# How far off from ball



## golf fanatic 57 (Apr 4, 2007)

How far should the ball be from your feet when driving?


----------



## U Grooves (Feb 13, 2007)

depends on shaft lenght, personal comfort, swing shape..


----------



## Golfbum (Oct 14, 2006)

Preferably about 280 yards :laugh: 
But as mentioned it depends on the club being used, your height, your swing style etc. No one is the same.
See a Certified Pro for more help :thumbsup:


----------



## 65nlovenit (Dec 8, 2006)

Lets put it this way, if you were looking straight on a golfer all lined up and ready to drive, you should see a straight line from the ball, up the shaft, to his left shoulder. Dont reach for the ball, and don't crowd it. what more can I say.

Del


----------



## 300Yards (Jan 23, 2007)

Pretty much your arms should be free to swing back, without your body interferring much. The ball should be close enough to where your right elbow is tucked nicely against your boady at the top, but not touching...make sense? Try various positions, and you will find that sweet spot, eventually.


----------



## golf fanatic 57 (Apr 4, 2007)

Thanks.

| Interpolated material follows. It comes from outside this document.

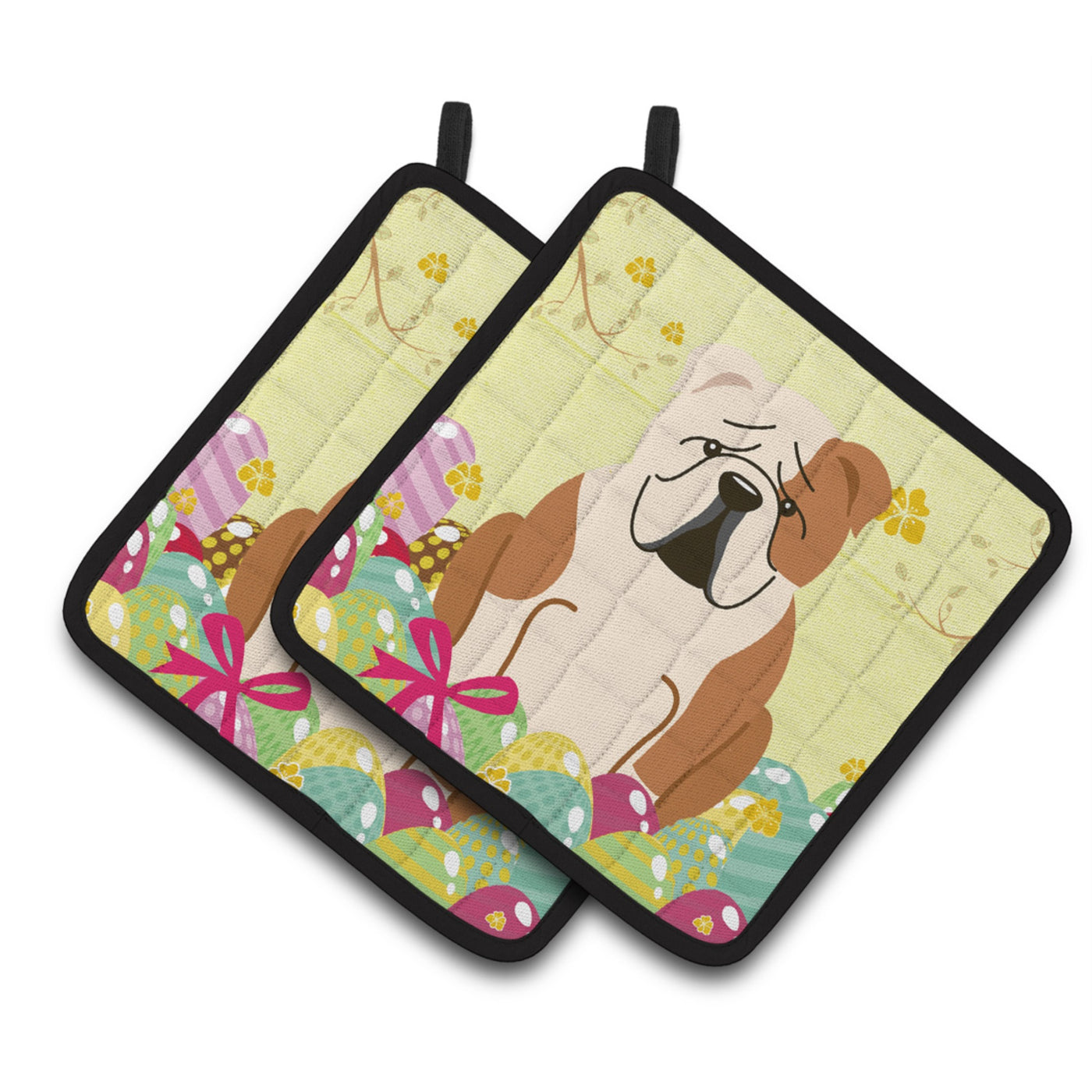 'Caroline's Treasures BB6125PTHD Easter English Bulldog Fawn Pair of Pot Holders 7.5'''' x 7.5'''' Multicolor''
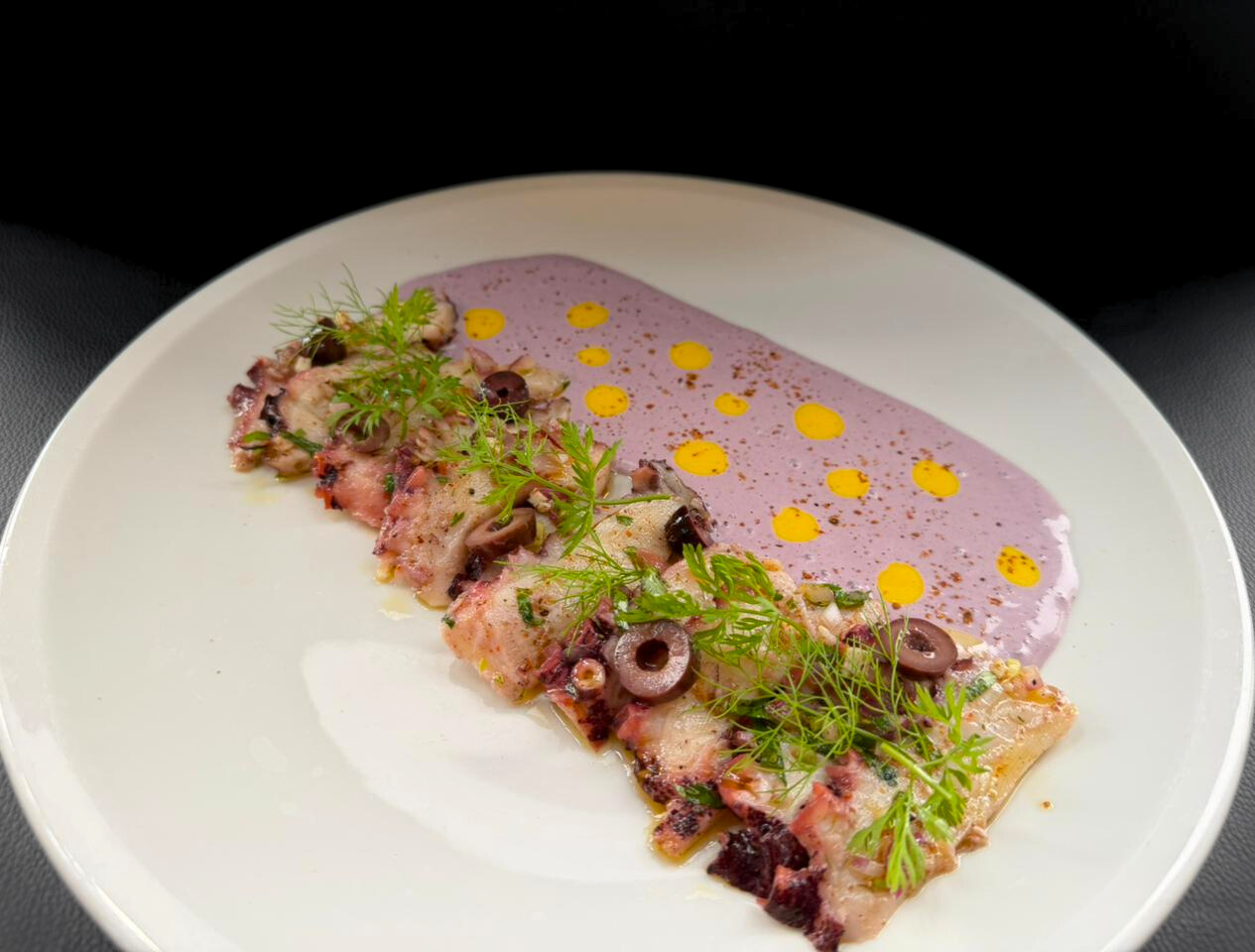 Slices of northern octopus with olive cream and touches of smoked chimichurri

I'll try it and work on it.


----------



## Chivas (Apr 5, 2007)

Hey 300 what's your handicap?


----------



## U Grooves (Feb 13, 2007)

3 ruls of thumb.

1. Dont ever reach out to the ball. Doing this will make your swing thought be to swing wider in order to bring the club back to where it was, which will result in your hands getting slightly behind the ball resulting in a block, or you will return the club to that spot, but your lower body will naturally lag behind, resulting in a low hook shaped shot.

2. Dont crowd it. You will never ever hit it straight when you are crowding the ball. Have a bit more than palm's width between your hands and your "long fellow", and make this width increase as the club gets longer, but only increase fractionally.

3. Get a lesson. A pro will be able to assist you in acheiving a comfortable and suitable setup position.


----------



## U Grooves (Feb 13, 2007)

Chivas said:


> Hey 300 what's your handicap?



Well, i play off 1.2 and if i remember correctly, he is lower than me :laugh:


----------



## Doby45 (Mar 7, 2007)

Chivas said:


> Hey 300 what's your handicap?


Just from what I have seen, lurking around, he drives ever ball 300+ yards, hits every club 50 yards more than most people, chips in everytime from 100 yards in and rips everyone of these awesome shots with no glove. I would guesstimate his handicap is well under scratch and he will be playing Augusta next week.


----------



## white_tiger_137 (Mar 23, 2006)

> Just from what I have seen, lurking around, he drives ever ball 300+ yards, hits every club 50 yards more than most people, chips in everytime from 100 yards in and rips everyone of these awesome shots with no glove. I would guesstimate his handicap is well under scratch and he will be playing Augusta next week.


 
HAHAHAHAHA :laugh: 

Another piece of advice. Put a club in your hand and close your eyes. Now bring it above your head and let it drop on the ground. This is pretty close to where you should be.


----------